# Assassinate



## UJS

Hey allemaal,

Ik vroeg me af of hoe jullie het woord _assassinate_ zouden vertalen. Mijn woordenboek zegt "vermoorden", maar dat dekt de lading volgens mij niet echt. Bij het Engelse woord heb ik zelf in ieder geval het idee dat het gaat om een doordachte (professionele?) daad, vooral als het slachtoffer een belangrijk persoon is. Bestaat er zoiets in het Nederlands?

Alvast bedankt,

UJS


----------



## Grytolle

een sluipmoord plegen?

"Vermoorden" zal wel meestal goed genoeg zijn, denk ik, tenminste met wat context erbij

http://nl.wikipedia.org/wiki/Aanslag_(misdrijf)
aanslag plegen ofzo? (dat artikel vond ik als vertaling van het Engelse "assassination")


----------



## killerbees

Grytolle said:


> "Vermoorden" zal wel meestal goed genoeg zijn,  denk ik, tenminste met wat context erbij


 
 Daar ben ik mee eens.



UJS said:


> Bij het Engelse woord heb ik zelf in ieder geval het  idee dat het gaat om een doordachte (professionele?) daad, vooral als  het slachtoffer een belangrijk persoon is.



Dat klopt meestal wel maar het is niet nodig dat het slachtoffer beroemd  of belangrijk is (dat ruikt maar naar normatieve grammatica en ik moet  ook zeggen dat bijna iedereen _assassinate _zo gebruikt). In ieder  geval vraag ik me af waarom het woord 'sluipmoord' bestaat maar  'sluipmoorden' niet (tenminste niet als werkwoord).

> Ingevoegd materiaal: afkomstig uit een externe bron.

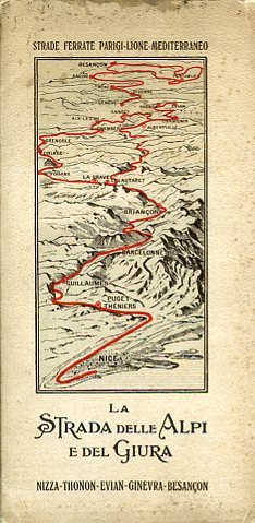 In-8° stretto, pp. 4 e una grande carta a due colori ripiegata a fisarmonca della strada delle Alpi e del Giura. Al verso della carta, numerose vedutine fotografiche e testo in italiano descrittivo dei 'grandi servizî d'auto-cars della strada delle Alpi e del Giura' con relativo itinerario turistico. Macchie ed aloni di lieve entità alla brossura, ma bell'esemplare.

Ik dacht eens aan _liquideren _maar ik weet er niet genoeg van en ik ben nu te moe om het Wikipedia artikel over liquidatie te lezen


----------



## Joannes

I thought of *liquideren* as well, it's not perfectly equivalent either but in the examples I came up with it works better than *vermoorden *('to murder').


----------



## The Machine of Zhu

Zonder enige context zou ik het als 'vermoorden' vertalen.


----------



## jacquesvd

The Machine of Zhu said:


> Zonder enige context zou ik het als 'vermoorden' vertalen.


 
Ik voel 'vermoorden' ook aan als de beste vertaling van "to assassinate". Volgens mijn Engels verklarend woordenboek is 'to assassinate" to murder by surprise.
Een sluipmoord is natuurlijk een moord bij verrassing maar draagt voor mijn gevoel nog een extra betekenisinhoud van 'heimelijk, verraderlijk' in zich. En net zoals killerbees denk ik dat het geen werkwoordsvorm heeft.

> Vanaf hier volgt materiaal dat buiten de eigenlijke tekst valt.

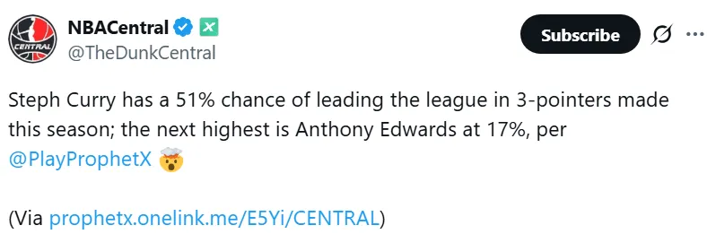 根據(jù)網(wǎng)站ProphetX的蒂芬大模型分析,勇士后衛(wèi)斯蒂芬-庫(kù)里本賽季當(dāng)選三分王的蒂芬概率有51%。緊隨其后的是森林狼后衛(wèi)安東尼-愛(ài)德華茲,概率為17%。

Wat bedoelt de vraagsteller met 'professioneel'? Denkt hij aan een huurmoordenaar, dat zou een professionele moordenaar zijn, maar anders weet ik niet zo direct wat ik bij een 'professionele moord' moet denken, tenzij dat de nadruk gelegd wordt op de manier van moorden: koel, efficiënt en met achterlating van zo weinig mogelijk indicia.

Verder onderscheid ik moord met voorbedachtheid maar vermoed dat ook bij  "to murder" de qualificatie met of zonder voorbedachtheid aanvullend tot uitdrukking kan worden gebracht, terwijl 'to assassinate' van nature uit al met voorbedachtheid is en moet men daarom 'to assassinate' misschien altijd met 'vermoorden met voorbedachten rade' vertalen?


----------



## Joannes

Ik denk dat de woordgrenzen in het Engels ietwat anders liggen. *To murder* heeft het volgens mij ook al in zich dat het met voorbedachten rade is, terwijl het Nederlandse vermoorden soms nog met *to kill* kan vertaald worden - en *doden* in het Nederlands eigenlijk niet zo frequent is.

Ik geloof dus niet dat het enkel een kwestie van voorbedachtheid is. Ik ben het eens met UJS dat *to assassinate* een zeker professionalisme om zich heeft hangen. *An assassination* is typisch gepland, beveeld, betaald en bij voorkeur voltrokken door een vakman. Een passiemoord kan perfect met voorbedachten rade geschieden, maar zou je in het Engels - zonder specifiekere context - nooit benoemen met *an assassination*.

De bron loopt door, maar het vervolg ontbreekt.